El incendio incontrolado de la deuda pública concentra desde hace ya muchos meses la atención de nuestros dirigentes y ceba la información publicada de la que se alimenta cada día una sociedad que ya empieza a estar un poco harta de tanta agonía incesante. Sabemos que estamos en crisis y que urge sofocar las llamas de nuestro sistema financiero y de nuestra estructura de gastos, pero también necesitamos, por una mera cuestión de salud mental, que nuestros dirigentes nos aporten una brizna de esperanza en forma de planes para el día de mañana.
Es urgente recuperar la autoestima como nación, y ésta sólo se puede edificar desde un análisis claro de lo ocurrido, y a partir de la elaboración de un plan país que nos muestre con realismo los aspectos negativos que debemos corregir y los factores positivos, que también los hay, en los que nos debemos apoyar para iniciar la recuperación.
Es cierto que en España, al socaire de una relajación monetaria que prácticamente llevó a las instituciones financieras a regalar el dinero durante casi una década, se cometieron excesos por parte de todos, por las Administraciones Públicas y también por las empresas y los particulares. Pero de nada sirve lamentarse ya. Dilapidamos lo que teníamos y lo que nos prestaron, y probablemente no recuperemos en muchos años las pérdidas que la corrección de los precios en el mercado nos ha ocasionado. Sin embargo, la actitud saludable es reconocer los errores, intentar aprender para el futuro, limpiarnos las lágrimas y empezar a andar.

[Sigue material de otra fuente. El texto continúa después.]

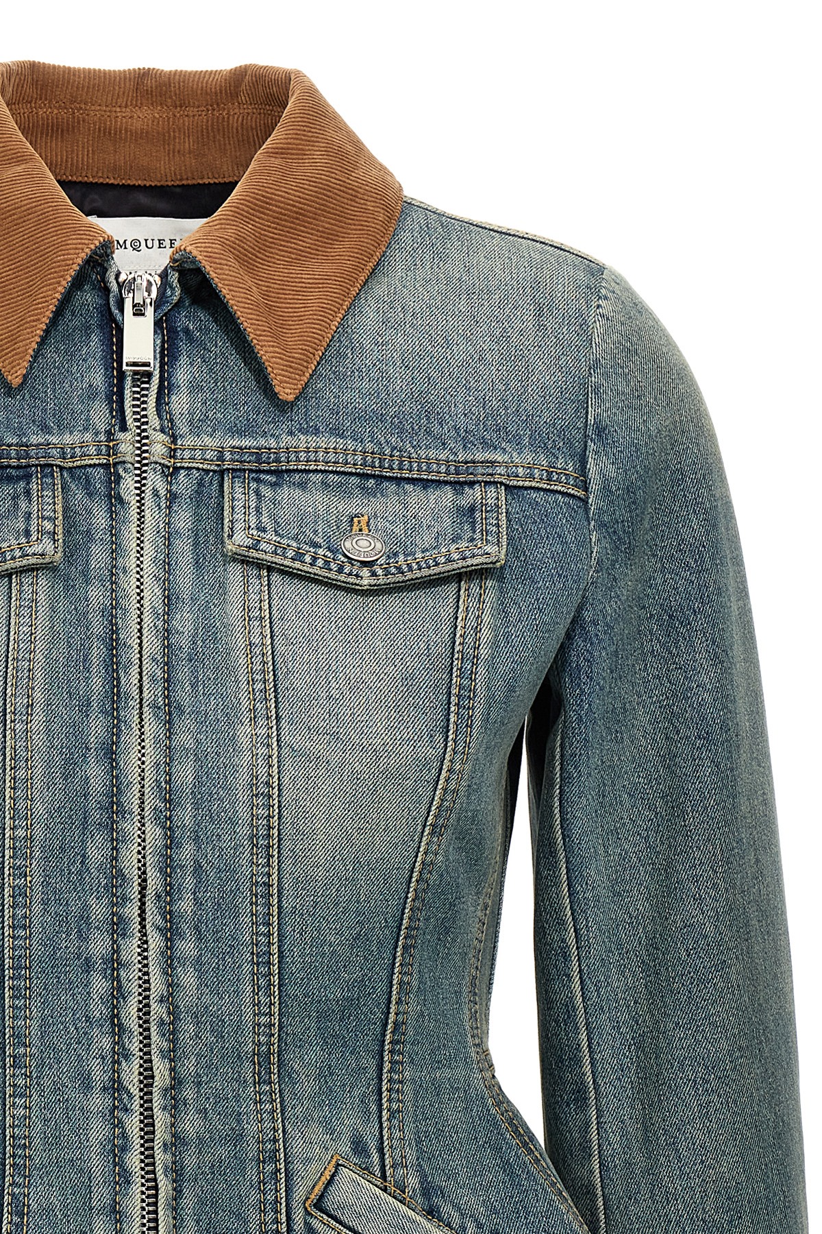 Denim jacket with flared design, front pockets, velvet collar, front zip closure, long sleeves with button.

Ese revulsivo social que he llamado plan país debería señalar el camino que recorrer en los próximos años, aceptando que lo más realista, e incluso rápido, en tanto construimos otro modelo productivo basado en la innovación tecnológica y el valor añadido, es que la competitividad ganada vía rebaja de salarios y ajustes de plantilla puede servir de incentivo para la llegada a España de inversiones extranjeras. Cometimos excesos, es de justicia reconocerlo, pero también es verdad que el resultado de todas aquellas inversiones, tantas veces realizadas sin el respaldo del correspondiente plan de negocio que justificase su viabilidad, sigue ahí y va a seguir estándolo en el futuro.
Efectivamente, nos han quedado las deudas, pero también las infraestructuras. Unas infraestructuras inequívocamente del primer mundo, que se unen a otros muchos alicientes (tecnológicos, ambientales, culturales o geográficos) que deberían reforzar nuestro valor en el globo frente a cualquier inversor en busca de plataformas de producción o de distribución.

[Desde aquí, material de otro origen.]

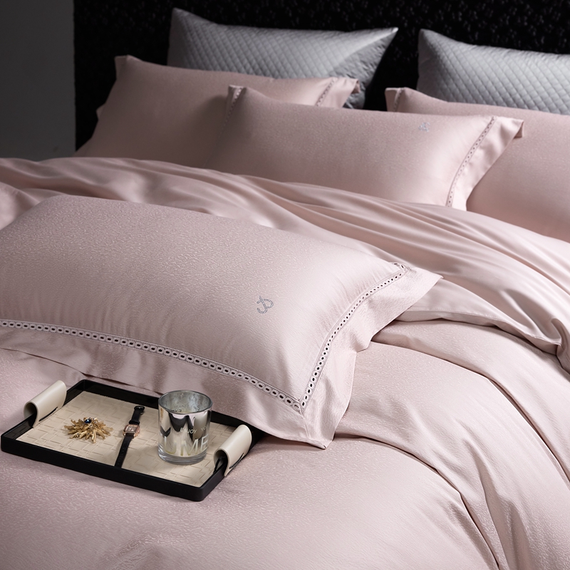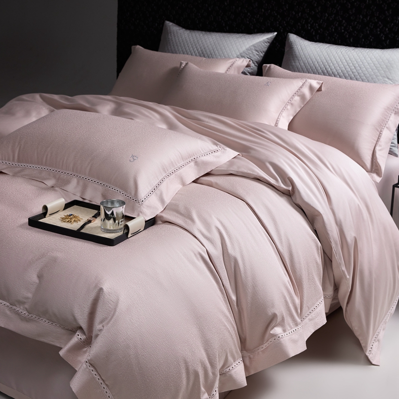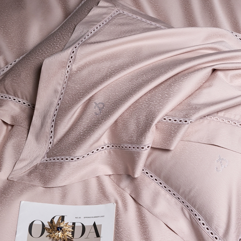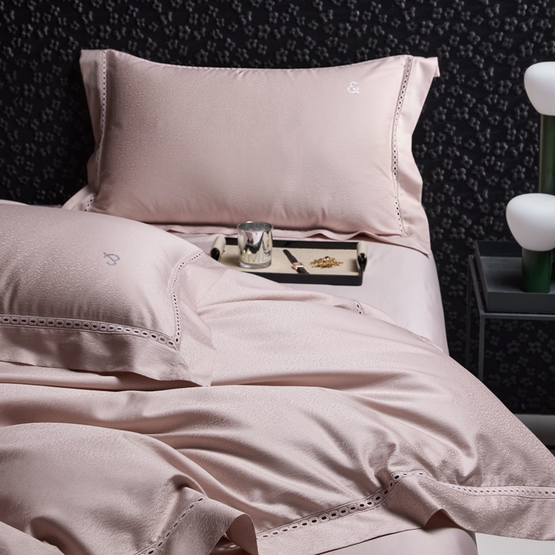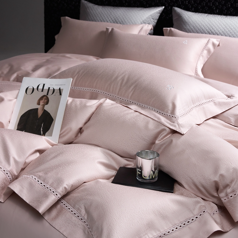 榻尚家居 2024新款纯棉贡缎镂空提花四件套-悦色 悦色-豆沙粉

Por tanto, y a la vista de todas estas ventajas, ¿qué nos impediría ser de nuevo la fábrica de Occidente, una tierra fecunda para los negocios, no reñida con la calidad de vida? Pues bien, creo que nos falta volver a la sencillez, reducir el volumen de leyes con que nos abruman desde la Administración central hasta la autonómica y municipal, y que se interponen a la iniciativa personal y muchas veces atentan contra la libertad. Necesitamos una legislación fiscal que sea justa e incentive la reinversión, el emprendimiento y el ahorro, y que estreche los cauces a la economía sumergida. Y cerrar, por fin, una legislación laboral que nos homologue con Europa, proteja a los buenos empleados y no blinde a los desleales. Por último, es imprescindible instaurar la cultura del buen pagador. Es un desafío al sentido común y un freno para los negocios, que en este país, desde la Administración a la última pyme, se compren productos y bienes fiados a muchos meses o hasta el infinito.
A todas estas iniciativas se les llama hacer reformas estructurales, huyendo de las medias tintas y dando consistencia jurídica a una marca única hacia el exterior que debe llamarse España. Por muchas embajadas regionales que hayamos colocado por el mundo, para cualquier inversor o para cualquier ciudadano sólo existe una realidad, y se llama España. De la iniciativa legislativa del actual Gobierno, y de la responsabilidad del resto de fuerzas, depende que esta marca se presente con un aspecto compacto o agrietado por la proliferación de fuerzas en fuga. Los inversores quieren percibir una sola España en lo económico y en lo legislativo, y un único mercado.
Creo que vale la pena que meditemos sobre estos asuntos. Por difíciles que estén las cosas, se presentarán las oportunidades de comprender lo valioso que aún conservamos y de corregir definitivamente tantos deslices y desmanes que aún hoy nos siguen amenazando. Ojalá que, al ánimo apesadumbrado que hoy nos embarga, opongamos pronto un sentimiento de orgullo colectivo que, para ser auténtico, deberá estar alimentado por la voluntad inequívoca de cumplir cada uno en nuestro país con su deber. Y, al frente de todos, dando ejemplo, un Gobierno templado y resuelto a realizar las grandes reformas que se necesitan.
Clemente González Soler, Presidente de la Asociación para el Desarrollo de la Empresa Familiar de Madrid (ADEFAM).